With the days of significance over, both the program and the participants in it were able to see Israel in a different light. We began that different light with a visit to the Begin Centre, an institution dedicated to telling the story of Israel’s first conservative Prime Minister. Unlike some of the other museums we have seen, it wasn’t quite as technologically advanced, but more importantly, it felt to most of us that it dived too deep into the life of someone most of us knew very little about. And whilst a deep dive is good, we may have needed some more context before the visit. Unfortunately that set the tone for some of the intensity that we have felt ever since.
The visit to the Begin Centre was followed immediately by a talk by Rabbi David Rosen, Israel’s pre-eminent interfaith spokesperson, and one of the most erudite and articulate speakers on the topic of understanding the other. In a country as polarised and chaotic as this one, hearing someone so in tune with the politics but so involved with the efforts to understand difference inspired all of us and made us wish that there were more hours in each day. Each of us could have easily spent an hour with him on our own and that still would not have been enough. We needed to finish with him because we had a tour of Yad Vashem to get to. And whilst some of us weren’t even sure why we needed to go to Israel’s Holocaust museum after a week in Poland, it was actually a surprisingly life-affirming visit. Not only is the museum set amongst a beautiful forest with a view, it tells the story of the Holocaust with empathy, meaning and compassion. For two people in our group it was even more meaningful. One found an artefact that belonged to a family member, whilst another discovered that his uncle was in one of the pictures on display. After a week at many of the sites where the images came from, the museum had a new and impactful meaning for us.

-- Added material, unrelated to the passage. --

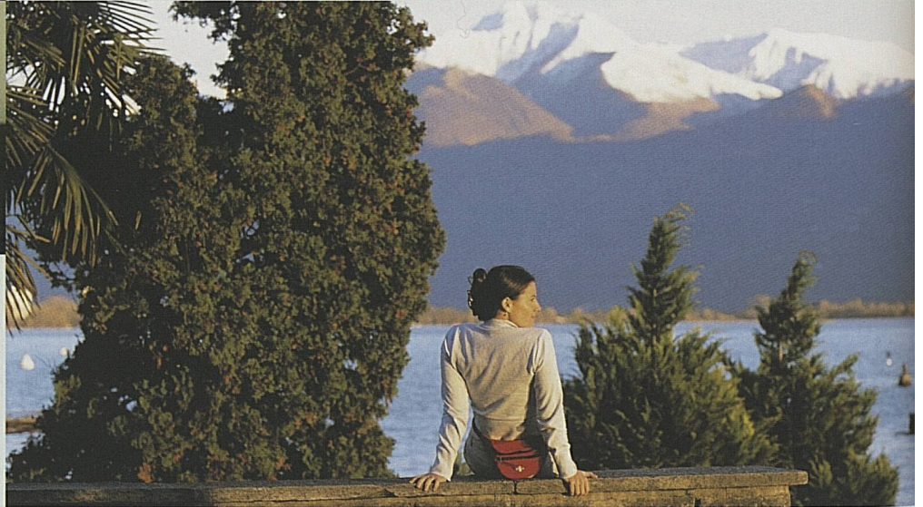
Locarno by Lake Maggiore, Ticino.

We then changed tack again and had two interesting and intense presentations, both of which were triggering for some of the people in our group. The first was from an organisation called Kids 4 Peace, which brings together Jewish, Christian and Muslim kids in Jerusalem in a kind of youth movement where they play fun, educational games in order to discuss the conflict of the region, but in a way that makes sense to them. We heard from Ittay Flescher, the Australian educational director of the program, that for many of these kids, this is their only opportunity to seriously interact with these issues. It is a small grassroots organisation that only has an annual intake of 80 kids, but is one of 300 organisations in the country that is trying – at least on some level – to bring people together so that they see there are multiple sides to a story, and so that ultimately a peaceful solution can be found.
To that end, our final speaker for that day was Ahmed Mona, the son of Palestinian bookshop owners, who came to talk to us about ‘the Palestinian perspective’. But as we quickly discovered, much like there is no unified Jewish view on anything, there is equally no monolithic Palestinian perspective. Ahmed presented an idea that he even admitted does not have mainstream support, but it was nonetheless important and interesting for many of us to hear his viewpoint and to discuss the issues with him in a respectful and comfortable environment, even if it did raise within tensions amongst some of us.

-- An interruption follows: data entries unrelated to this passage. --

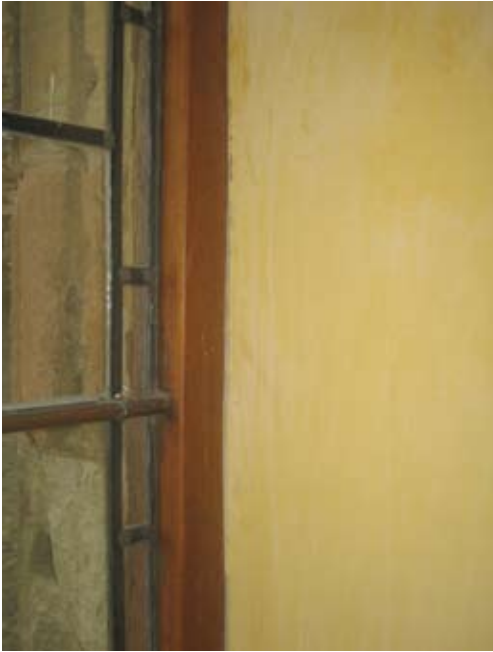
A traditional limewash finish
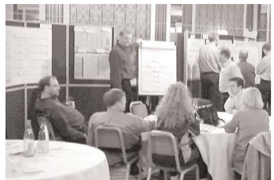
Plate 2: Process teams discuss their potential contribution to WWSC's objectives

Each process team then worked individually to develop a high-level process map (flow diagram) of their process, reflecting the responsibilities of the top-level QFD and the key interdependencies with other processes. Where it transpired that key inputs and outputs had been forgotten, members of each process team could discuss and agree these with other processes 'on the hoof'.
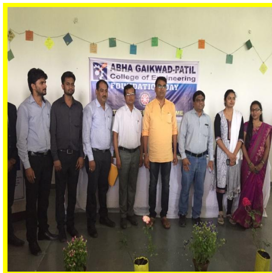
Guest during the Inauguration of the event

We continued the discussion at Ammunition Hill the following morning, but as an antidote to all the talking and thinking, our last stop before Shabbat was Machne Yehuda market in central Jerusalem, and a walk through the streets. No other place in the world compares to the chaos, bedlam and utter havoc of the market on a Friday afternoon, yet somehow it all works and everyone comes out with what they need. Within an hour the noise died down and now we are ready to spend another Shabbat together, this time in Jerusalem amongst all the noise and chaos, and for many of us, nothing could be more beautiful.